People say, "But he loves me," or, "But I love her," as though it means that everyone will say, "Oh, well, OK then, that changes everything." No. It is irrelevant. It may be a fact, but it's a fact like, "Water freezes at 32 degrees Fahrenheit." It has zero bearing on the situation at hand.
Just because you love someone, or they love you, does not mean that the relationship is healthy. If the relationship is unhealthy, it's bad for both of you, and both of you will benefit if it is ended. Feeling in pain because it ended or missing them does not mean that you did the wrong thing ending it or that you should have stayed. It means that you're human. If it's unhealthy, get out.

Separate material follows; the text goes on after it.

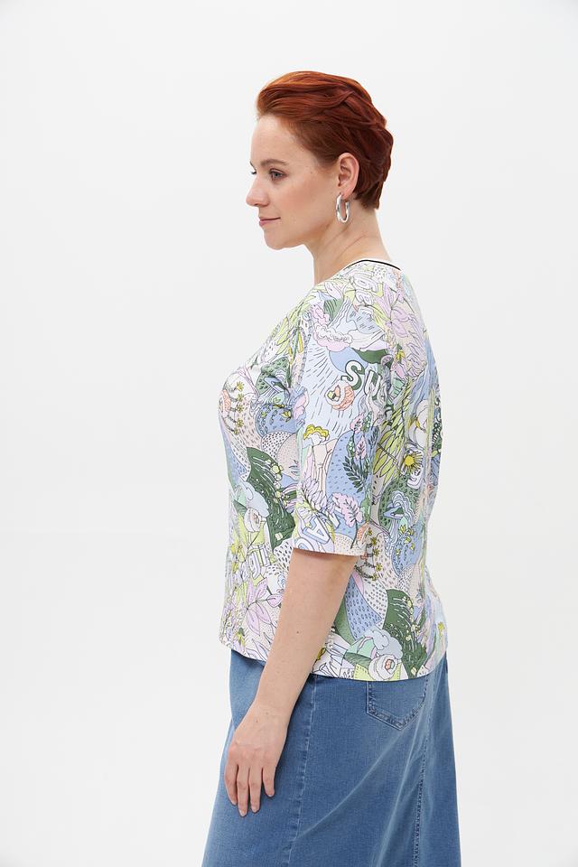 Благодаря своему необычному дизайну, эта футболка станет ярким акцентом вашего образа. Она прекрасно сочетается с джинсами, юбками и шортами, позволяя создавать разнообразные и стильные луки.

Some people do not believe in monogamy, and those people should only be in relationships with partners who also do not believe in monogamy. If cheating or multiple partners are a problem for one partner, then the relationship is unhealthy if the other partner insists on going outside the marriage for intimacy (whether or not the other partner knows about it). It does not matter if you love each other.
This is another situation in which, "But I love you," or, "But he loves me," are deeply irrelevant. I cannot imagine what people are thinking when they attempt to explain straying by saying to a distraught partner, "But I love you," or, "But I don't love him/her." You might as well say, "I had my teeth cleaned on Tuesday." It's a fact, but an irrelevant one. "He loves me, he's a good father and provider, and he comes home every night," also falls into this category. Bully for him. That doesn't mean that he can do no wrong.
Never let someone tell you that if you love them and they love you, anything goes. They are wrong.
Practice saying it - "That is irrelevant." Practice meaning it. Sometimes, love is irrelevant.
ReplyDelete"Just because you love someone, or they love you, does not mean that the relationship is healthy. If the relationship is unhealthy, it's bad for both of you, and both of you will benefit if it is ended. Feeling in pain because it ended or missing them does not mean that you did the wrong thing ending it or that you should have stayed. It means that you're human. If it's unhealthy, get out."
Thank you for this!!
I agree 100%.
Having said that, I know how extremely difficult it can be to just "get out" especially if there is manipulation and abuse from your partner.
No one should have to go through that.
I'm thankful for the resources that are available there for those who are in need of getting out of unhealthy/abusive relationships.
Not only is it hard, but leaving is the most dangerous time! Those who manage it and those who help them have my utmost respect.